Microsoft's newest arrival promises users speed and reliability. But at what price?

If you're still debating whether to upgrade your PC to Windows 98, you may want to hold out until the release of Windows 2000 Professional, Microsoft's newest operating system. Built around the Windows NT operating system, a format popular with businesses for its crash resistance, speed and array of security features, Windows 2000 will offer these same features with the familiar desktop interface of Windows 95/98, says Craig Bilinson, product manager for Windows 2000. "[The new system] really brings together the best of both worlds," he says. "You've got all the ease of use of Windows 95 and 98; support for all the new hardware devices people are using, like DVDs and scanners; and the industrial-strength security and reliability that users have come to expect from Windows NT products."

To help users prepare their machines for the migration from Windows 95/98 to Windows 2000, Microsoft is suggesting that users purchase and install the Windows NT 4.0 Open License package, which gives 4.0 users a steep discount on Windows 2000 to use when they decide to upgrade. However, Rob Enderle, an analyst for and vice president of Giga Information Group, believes that although Microsoft may be sincere in its efforts to help users feel more comfortable with upgrading to the new operating system, the time-intensive installation process and the differing hardware requirements of the NT 4.0 and Windows 2000 systems could make migrating in steps (instead of in one giant leap) troublesome and costly.

"The right way to do an NT or Windows 2000 deployment is really to scrub the disk and start clean, which is a major upgrade and requires a lot of resources to do right," says Enderle. "My belief is that it's better to upgrade once rather than do it twice. Plus, with the Windows 2000 system, you're going to be much better off utilizing the most current hardware you can possibly get. If you can stand using Windows 95/98 for the time being, defer upgrading your hardware until you're ready for the migration to Windows 2000."

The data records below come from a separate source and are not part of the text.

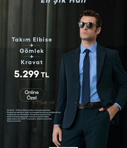 Kiğılı, birbirinden şık takım elbise modelleri ile her ortamda stilinizi sergilemenize olanak tanıyor. Klasik çizgisinden uzaklaşmak istemeyenler Kiğılı’nın klasik takım elbise tasarımlarından vazgeçmiyor. Daha sportif bir tarza sahipseniz slim fit takım elbise modelleri tam size göre. Slim fit takım elbise modellerini; dar kesim gömlek, uyumlu kravat ve yaka mendili ile tamamlayarak bulunduğunuz her ortamda tüm gözleri üzerinize çekebilirsiniz. Takım elbise kategorisi altında klasik ve slim fit takım elbiselerin yanı sıra spor takım elbise, yelekli takım elbise, smokin & damatlık, kruvaze takım elbise ve king size takım elbise modelleri de sizi bekliyor.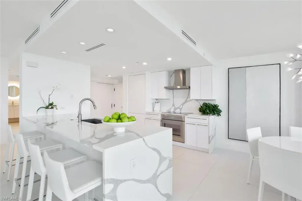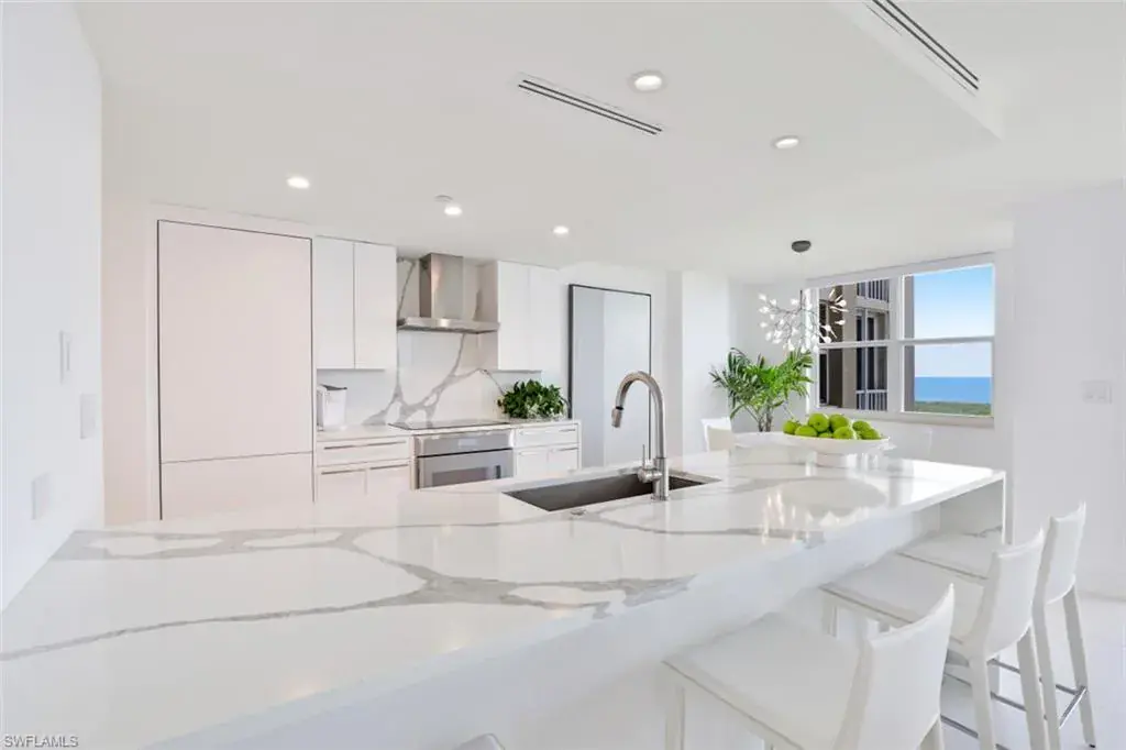 Move right in to this stunning 15th floor 3 BR end unit, where the total renovation has been reimagined, remastered & redesigned to reflect the exceptional western panoramic views of the Gulf of Mexico. Balancing sleek modern lines with a well appointed coastal design, this sky home welcomes you with show-stopping 5 foot matte tile throughout, as well as Impact Windows & Sliders throughout. This massive project was reengineered with luxury fixtures & quality finishes, even removing doors & walls. Inviting gourmet kitchen features Thermador appliances, invisible refrigerator, waterfall island & countertops, Moooi Chandelier. Electric roll down sun screens, enhanced millwork, California Closets. Dramatic updates are truly floor-to-ceiling, from the 5′ tile flooring, to the ceiling that was actually raised! Main bedroom offers breathtaking views of the pristine beach, & the other 2 bedrooms have views of the city lights. Master bath has Maddux soaking tub, oversized shower, Sitka toilets. St. Kitts spent 2 yrs on luxury amenity renovations; completely remastered outdoor living space includes brand new Knife Edge Saltwater Pool, Chaises on the Sun Shelf, Pergola, Fire Pit, New Social Rooms & Fitness Center, this luxury tower has on-site management & secure lobby. Pelican Bay has 3 miles of private sugar sand beach on the Gulf of Mexico, beachside dining, tennis, kayaks, nature trails, it is truly paradise!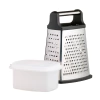 Este rallador viene con un recipiente de plástico especialmente diseñado que resuelve todos estos problemas. El recipiente se abre y se cierra en la parte inferior del rallador, por lo que todos los ingredientes rallados acaban dentro. El recipiente viene con una tapa hermética, para que pueda guardar los ingredientes sobrantes con toda confianza. El cierre hermético ayuda a mantenerlos frescos, por lo que puede guardarlos en el frigorífico para la próxima vez. 4 en 1 Rallar, rallar, rallar en tiras y cortar en rodajas Este rallador de caja tiene cuatro lados, cada uno con un tipo de cuchilla diferente: rallador fino, rallador medio, rallador grueso y cortador. Este ingenioso diseño multiusos le confiere innumerables usos en la cocina. Puede rallar parmesano para preparar un cremoso plato de pasta con su superficie de rallado fino, o rallar limas para una tarta de lima con la superficie media. La cuchilla gruesa es fantástica para rallar patatas y hacer rosti, mientras que la cuchilla de corte facilita el trabajo de cortar calabacines y zanahorias para ensaladas y salteados. Sin resbalones ni accidentes Para un rallado controlado cuando no esté utilizando el recipiente, también dispone de una base antideslizante, además de un mango de metal sólido que le ayuda a mantener un agarre firme. Esto hace que el rallado sea más rápido, cómodo y menos sucio. Información útil – El rallador de queso mide aprox. 11,5 x 12,5 x 23 cm – El recipiente mide aprox. 11,5 x 12,5 x 8 cm – El rallador es naturalmente resistente a los olores y al deslustre – Apto para lavavajillas.

To run Windows 2000, Microsoft recommends you have at least a 300 MHz Pentium II processor with 64MB RAM. Microsoft has formed partnerships with a number of computer manufacturers, including Compaq, Dell, Gateway and IBM to produce what it calls Windows 2000-ready PCs with these specifications.

According to Enderle, the truly ideal Windows 2000 machine will be one that conforms to PC 99 specifications, an Intel and Microsoft-sponsored design for the next generation of PC workstations that features the 450 MHz Pentium III processor that was released in February of this year. "If you want to get the optimum benefit from Windows 2000, which was designed more like a mainframe operating system than a PC operating system, you really need to have the kind of stable, reliable hardware that's suggested by the PC 99 specifications," says Enderle. Both the Windows 2000 operating system and PC 99-specified computers are expected to be available sometime later this year.